Mobile phone companies have opposed the government's plans to do away with roaming charges, which accounts for about 10% of their revenues, and have warned they would be forced to increase tariffs to offset this loss. 
According to an internal DoT note (dated November 23) reviewed by ET, the department has listed this consumer-friendly move amongst 'key initiatives to be completed within the next three months'. 

By March, the department also wants to expand the mobile number portability (MNP) provision and allow consumers to retain their numbers when they move to a new city or any location in the country without having to pay roaming charges. At present, MNP, the facility that allows customers to retain their number while switching operators, is restricted to a circle. For instance, a Delhi customer can switch to any operator within the metro, as this is considered to be the 'base circle' for that number. 

The Cellular Operators Association of India, the body representing mobile phone companies on the GSM platform such as Vodafone and Bharti Airtel, has criticised the government's plans to abolish roaming charges, and has maintained that the DoT must first sort out a slew of policy-related issues, including migration to the unified licence, before asking telcos to do away with this charge. 

Telcos oppose free roaming 

Mobile phone companies have cited reasons ranging from higher tariffs, to security threat, undesirable competition to end of the concept of STD in opposing the move to do away with roaming charges. 

"Currently, the roaming charges are borne only by those who avail of the roaming service. Operators would need to recover this loss in roaming revenues leading to tariff increase which will be equally borne by the non-roaming customer base. To create a new tariff equilibrium, the tariffs in some non-affluent parts of country will go up and in other parts will drop," said an executive with a leading GSM operator. 
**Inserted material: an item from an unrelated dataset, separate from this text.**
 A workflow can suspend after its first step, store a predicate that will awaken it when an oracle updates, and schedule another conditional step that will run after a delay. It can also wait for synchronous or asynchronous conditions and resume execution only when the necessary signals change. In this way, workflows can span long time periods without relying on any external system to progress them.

Mobile phone companies also say that removal of roaming charges would lead to free-flow of SIMs across circles on a permanent basis. 

"It is possible that sims or mobile connections of the circle that offers lowest STD tariff in the country, would be picked up by customer residing in other circles, who will use these to make discounted STD calls since the tariff in their own circles are higher. This potential revenue loss on account of this tariff arbitrage would make it necessary for the players to adopt a single tariff pan-India, thereby also resulting in a doing away of 'Local' & 'STD' as a concept," the executive quoted above added. 
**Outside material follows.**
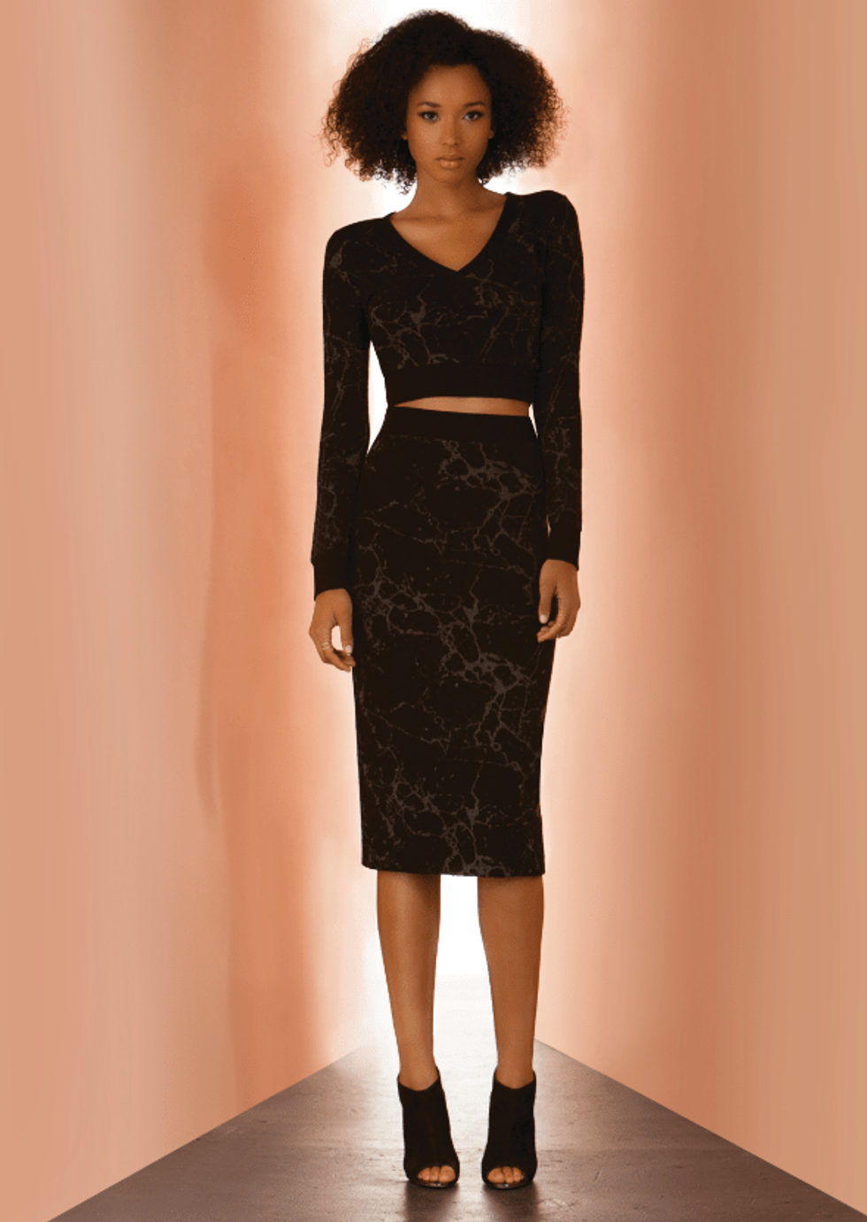 During the interview, Berman is wearing her newest favorite, the Sanibel, a full skirt and crop top from her fall collection. The skirt has a high waist that covers the midriff, so the wearer can showcase the crop top craze — a big trend for fall — without showing too much skin.

Executives with telcos also said that 'end of STD as a concept would lead to huge revenue impact to the operators', which the industry would not be able absorb, 'especially in the wake of high spectrum costs'. 

"There are more than 10 national long distance operators (that carry STD traffic) - in the event of merger of carriage charges with local tariff, the manner in which these operators will be compensated is unclear. In any case, it is ultimately up to the operator who will need to absorb this cost. Hence, it is possible that this might lead to a scenario where the carriage cost has been removed, but a differential terminating cost would become necessary because of the interconnection and call-routing issues which would need to be taken up between operators afresh," said an executive with another mobile phone company.